Its own appointed limits keep:
Oh, hear us when we cry to Thee
For those in peril on the sea."
And when the Sunday morning came and the same prayers were read which they had been accustomed to hear in England, many who listened felt that, whatever oceans they might cross, here was a tie that bound them to their island home, and to the religion of their fathers.
On the morning of the sixth day we passed the island of Perim, which guards the Gates of the Red Sea, and during the day passed many islands, and were in full sight of the Arabian coast, and at the evening touched at Aden. Here the heat reaches the superlative. In going down the Red Sea, one may use all degrees of comparison—hot, hotter, hottest—and the last is Aden. It is a barren point of rock and sand, within twelve degrees of the Equator, and the town is actually in the crater of an extinct volcano, into which the sun beats down with the heat of Nebuchadnezzar's furnace. But the British Government holds it, as it commands the entrance to the Red Sea, and has fortified it, and keeps a garrison here. However it mercifully sends few English soldiers to such a spot, but supplies the place chiefly with native regiments from India. All the officers hold the place in horror, counting it a very purgatory, from which it is Paradise to be transferred to India.
But from this point the great oppression of the heat ceased. Rounding this rock of Aden, we no longer bore southward (which would have taken us along the Eastern coast of Africa, to the island of Zanzibar, the point of departure for Livingstone to explore the interior, and of Stanley to find him), but turned to the East, and soon met the Northeast monsoon, which, blowing in our faces, kept us comparatively cool all the way across the Indian Ocean.
And now our thoughts began to be busy with the strange land which we were soon to see, a land to which most of those on board belonged, and of which they were always ready to converse. Strangers to each other, we soon became acquainted, and exchanged our experiences of travel. Beside me at the table sat a barrister from Bombay, and next to him three merchants of that city, who, leaving their families in England, were returning to pursue their fortunes in India. One had been a member of the Governor's Council, and all were familiar with the politics and the business of that great Empire. There was also a missionary of the Free Church of Scotland, who, after ten years' service, had been allowed a year and a half to recruit in the mother country, and was now returning to his field of labor in Bombay, with whom I had many long talks about the religions of India and the prospects of missions. There was a fine old gentleman who had made his fortune in Australia, to which he was returning with his family after a visit to England.
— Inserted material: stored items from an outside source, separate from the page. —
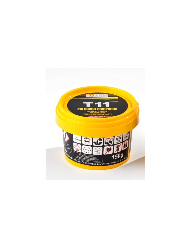 Pasta polerska BRAYT T11 zawiera wysokiej jakości minerały polerujące, co gwarantuje szybkie usuwanie defektów i osiąganie połysku za pomocą jednoetapowego procesu. Usuwa defekty po papierze P1500.
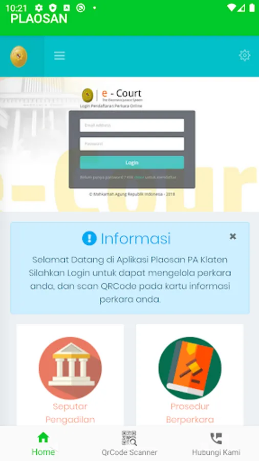 The justice seekers can also see the case information and take the trial queue number in accordance with the trial schedule that has been determined through this PLAOSAN application by scanning the QR Code on the Case Service Card that has been given during the case registration or through the registered mobile number.
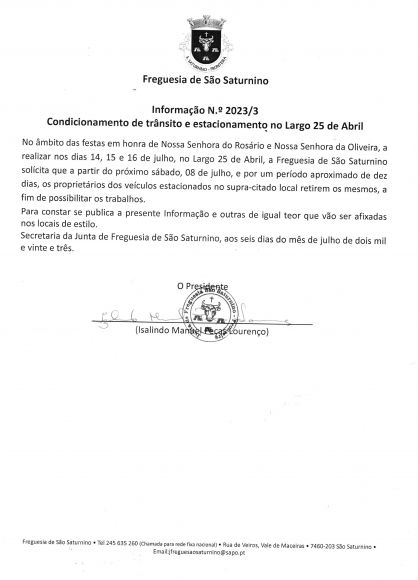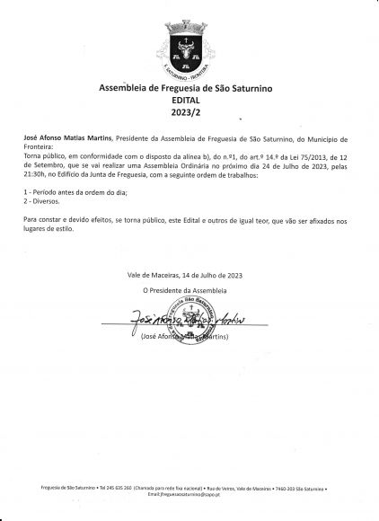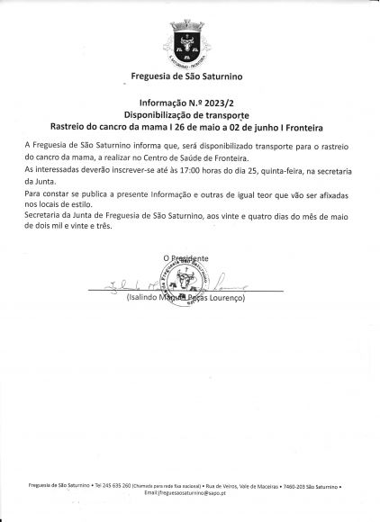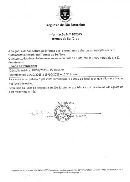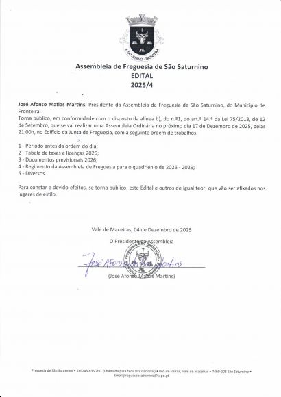 © 2026 Junta de Freguesia de São Saturnino. Todos os direitos reservados | Termos e Condições | * Chamada para a rede fixa nacional.
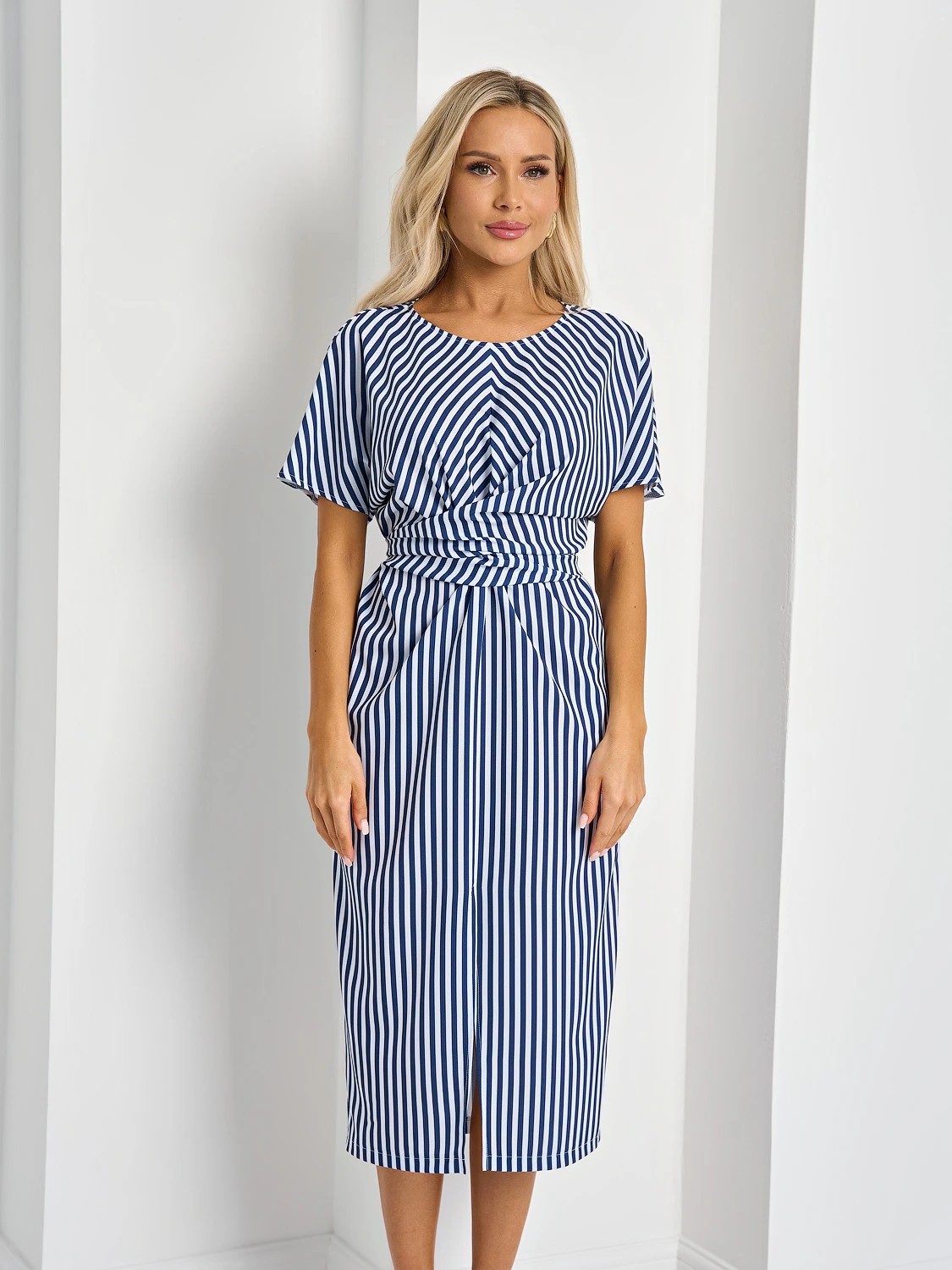 Платье полуприлегающего силуэта длины миди.
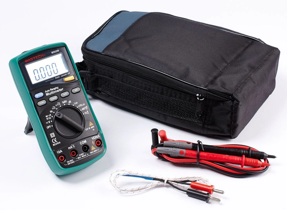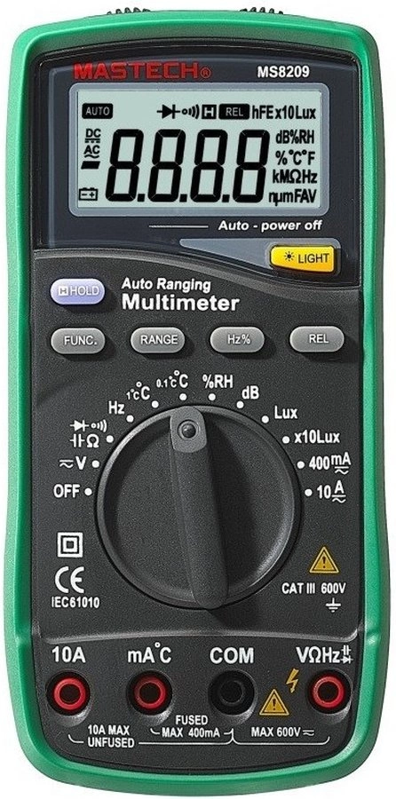 Многофункциональный мультиметр MASTECH MS8209 - измерительный прибор, сочетающий в себе функций 5 приборов: измерителя уровня шума, люксметр, измерителя влажности, температуры и цифровой мультиметр.
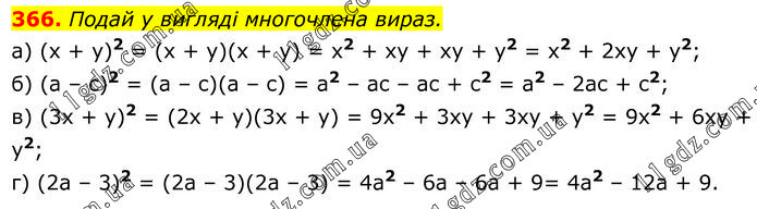 Подай у вигляді многочлена вираз. а) (x + y)2 = (x + y)(x + y) = x2 + xy + xy + y2 = x2 + 2xy + y2; б) (a – c)2 = (a – c)(a – c) = a2 – ac – ac + c2 = a2 – 2ac + c2; в) (3x + y)2 = (2x + y)(3x + y) = 9x2 + 3xy + 3xy + y2 = 9x2 + 6xy + y2; г) (2a – 3)2 = (2a – 3)(2a – 3) = 4a2 – 6a – 6a + 9= 4a2 – 12a + 9.
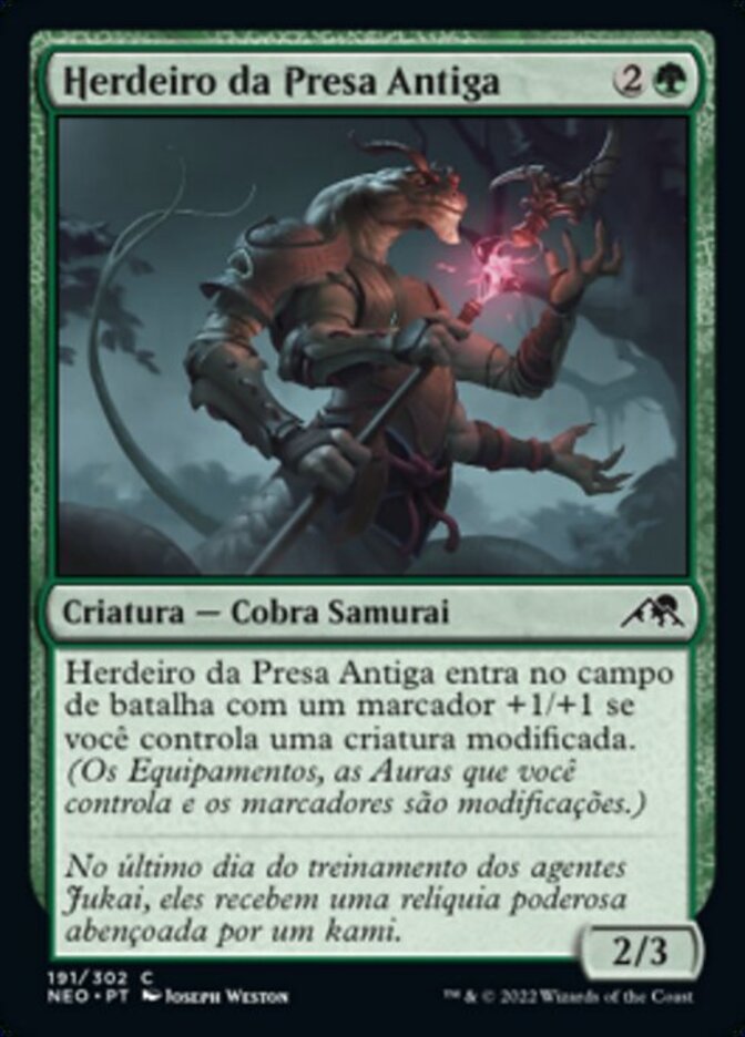 | Rules | Heir of the Ancient Fang enters the battlefield with a +1/+1 counter on it if you control a modified creature. (Equipment, Auras you control, and counters are modifications.) |
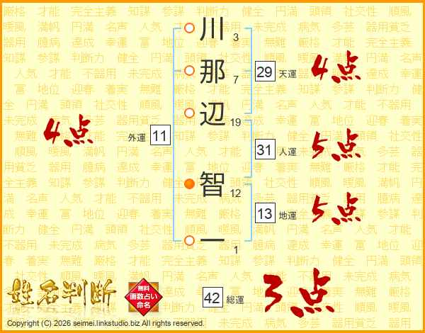 川(3画)那(7画)辺(19画) 智(12画)一(1画)
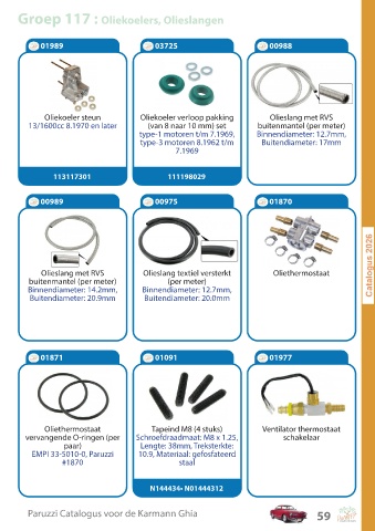 Groep 117 : Oliekoelers, Olieslangen
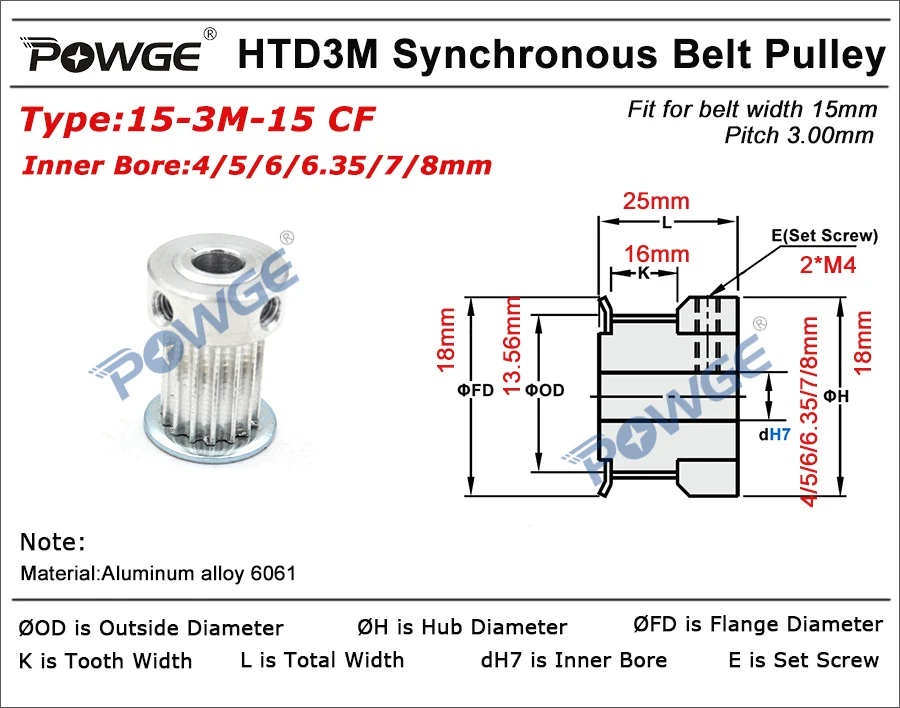 Алюминиевый сплав15 зубьевЗубцы дуги HTD 3 м шкив Timimg Диаметр 4/5/6/6.35/8 мм15-3M-15 BFforШирина 15 ммHTD 3 м Синхронный шаг ленты 3 мм Лазерная Гравировка CNC машина 15 зубьев 15T 3M шкив

The military element, of course, was very prominent. A large proportion of the passengers were connected in some way with the army, officers returning to their regiments, or officers' wives returning to their husbands. Of course those who live long in India, have many experiences to relate; and it was somewhat exciting to hear one describe the particulars of a tiger hunt—how the game of all kind was driven in from a circuit of miles around by beaters, and by elephants trained for the work; how the deer and lesser animals fled frightened by, while the hunter, bent on royal game, disdained such feeble prey, and every man reserved his fire, sitting in his howdah on the back of an elephant till at last a magnificent Bengal tiger sprang into view, and as the balls rained on his sides, with a tremendous bound he fell at the feet of the hunters; or to hear a Major who had been in India during the Mutiny, describe the blowing away of the Sepoys from the mouths of cannon; with what fierce pride, like Indian warriors at the stake, they shrank not from the trial, but even when not bound, stood unmoved before the guns, till they were blown to pieces, their legs and arms and mangled breasts scattered wide over the field.
There was a surgeon in the Bengal Staff Corps, Dr. Bellew, who had travelled extensively in the interior of Asia, attached to several missions of the Government, and had published a volume, entitled "From the Indus to the Tigris." He gave me some of his experiences in Afghanistan, among the men of Cabul, and in Persia. Three years since he was attached to the mission of Sir Douglas Forsyth to Kashgar and Yarkund. This was a secret embassy of the government to Yakoob Beg, the Tartar chief, who by his courage as a soldier had established his power in those distant regions of Central Asia. In carrying out this mission, the party crossed the Himalayas at a height far greater than the top of Mont Blanc. Our fellow traveller gave us some fearful pictures of the desolation of those snowy wastes, as well as some entertaining ones of the strange manners of some parts of High Asia. He passed through Little Thibet, where prevails the singular custom of polyandry—instead of one man having many wives, one woman may have many husbands, although they cannot be of different families. She can marry half a dozen brothers at once, but must not extend her household into another family. He was now bound for Nepaul, under the shadow of the Himalayas, being ordered to report at once to the Maharajah, who is preparing to receive the Prince of Wales, and to entertain him with the grandest tiger hunt ever known in India.
With such variety of company, and such talk to enliven the hours, as we sat on deck at twilight, or by moonlight—for we had the full moon on the Indian Ocean—the days did not seem long, and we were almost taken by surprise as we approached the end of our voyage.